Defects_of_the_Articles_of_Confederation_12   <== PDF version

Change is the one unchanging constant of human history.  By way of application, it must be admitted that any rules for governance among people must contain a provision by which those rules may be altered in an orderly fashion in order to accommodate changing conditions.  The Articles of Confederation contained such a provision as follows:

Article XIII.  Every State shall abide by the determinations of the United States, in Congress assembled, on all questions which by this Confederation are submitted to them. And the Articles of this Confederation shall be inviolably observed by every State, and the Union shall be perpetual; nor shall any alteration at any time hereafter be made in any of them, unless such alteration be agreed to in a Congress of the United States, and be afterwards confirmed by the legislatures of every State.

The concurrence of every state legislature was required to make any change in the Articles.  Part 9 of this series discussed the main problem with the revenue provisions of the Articles, namely that Congress was entirely dependent on the states through the requisition system.  But the Articles could not be amended, because one state (New York) refused to permit Congress a power to establish an independent revenue source to meet the needs at the national level.  The conflict over Congress’ revenue started on 3 Feb 1781, when Congress, realizing that the requisition system was not working, recommended that the Articles be amended to allow Congress to impose an import duty.  With such a power, Congress could raise revenue necessary to perform its minimum duties, such as paying the army. Rhode Island was the first to reject the concept on 1 Nov 1782, arguing among other things, that the revenue collectors would not be answerable to Rhode Island. Virginia was initially in favor of the import duty, but revoked its agreement on 11 Jun 1783.  But in that same month, Delaware and New Jersey agreed to it; South Carolina followed suit on 13 Aug 1783 but with difficult caveats; Massachusetts concurred on 16 Oct 1783; Virginia reversing itself once again in favor on 29 Dec 1783; North Carolina agreed on 2 Jun 1784; and New Hampshire agreed on 23 Jun 1785.  All the other states except New York did likewise by May 1786.
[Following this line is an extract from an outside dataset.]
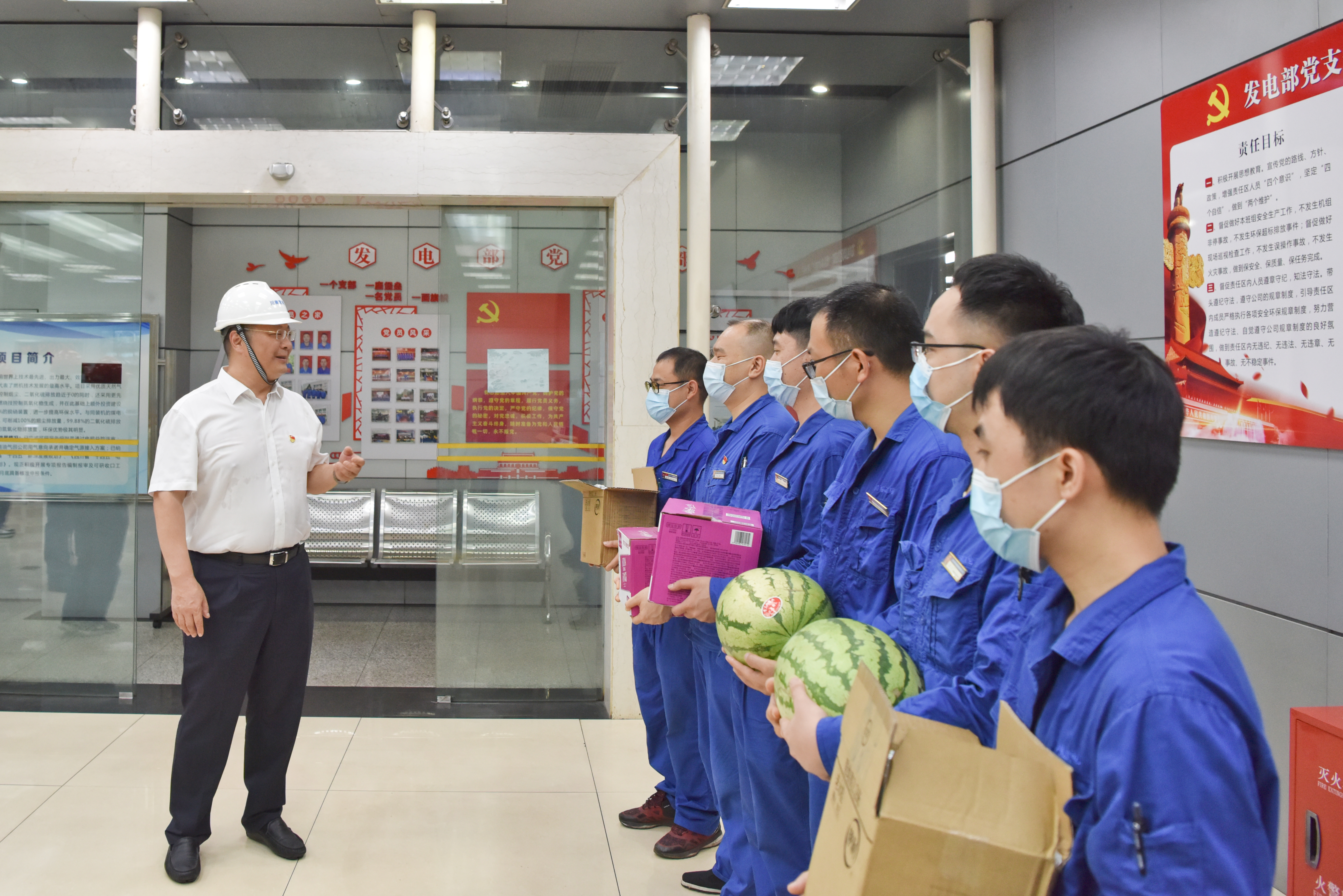 隨后,李文志為奮斗在電力保供第一線的員工送去了西瓜、蘇打水等防暑降溫物資,對大家在高溫天氣下堅守崗位的無私奉獻精神給予了充分肯定并表示感謝。他叮囑大家,天氣炎熱,在工作中要做好防暑降溫和勞動保護工作,在保障機組安全穩(wěn)定運行的同時也要確保自身的安全健康。他要求,川南發(fā)電公司在認真做好迎峰度夏電力保供工作的同時,要時刻把員工的安全健康和所需所想放在心上,關心關愛員工,持續(xù)做好夏季防暑降溫工作,確保安全、平穩(wěn)度夏。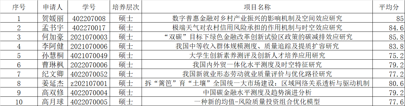 根据《bat365官方官网研究生自主科研创新项目申报通知》要求,按照学生自主申报、形式审查、组织专家评审程序对10位申报同学进行评审。根据通知要求,经管学院限额2名,现学院推荐何加豪、贺媛丽两位同学到研究生院审批,现对结果进行公示,公示期为:2023年7月31日-8月4日(5个工作日)。

But the government of the state of New York, interested only in its own revenues, refused to allow Congress to impose any import duties.  On 16 Aug 1786, Governor Clinton of New York notified Congress that he would not call the state legislature into session to consider the proposal; although Congress was desperate for money, he did not consider the situation important enough.  On 15 Feb 1787, New York gave its final refusal to consider the matter.  This proved fatal to the Confederation, as Congress realized it now had no hope of a stable revenue stream.  It caused Congress endorse the idea of a convention of the states to modify the Articles, which became the convention that wrote the Constitution.

The Constitution permits amendments in a manner superior to the Articles of Confederation:

[Article V]  The Congress, whenever two thirds of both Houses shall deem it necessary, shall propose Amendments to this Constitution, or, on the Application of the Legislatures of two thirds of the several States, shall call a Convention for proposing Amendments, which, in either Case, shall be valid to all Intents and Purposes, as part of this Constitution, when ratified by the Legislatures of three fourths of the several States, or by Conventions in three fourths thereof, as the one or the other Mode of Ratification may be proposed by the Congress; Provided that no Amendment which may be made prior to the Year One thousand eight hundred and eight shall in any Manner affect the first and fourth Clauses in the Ninth Section of the first Article; and that no State, without its Consent, shall be deprived of its equal Suffrage in the Senate.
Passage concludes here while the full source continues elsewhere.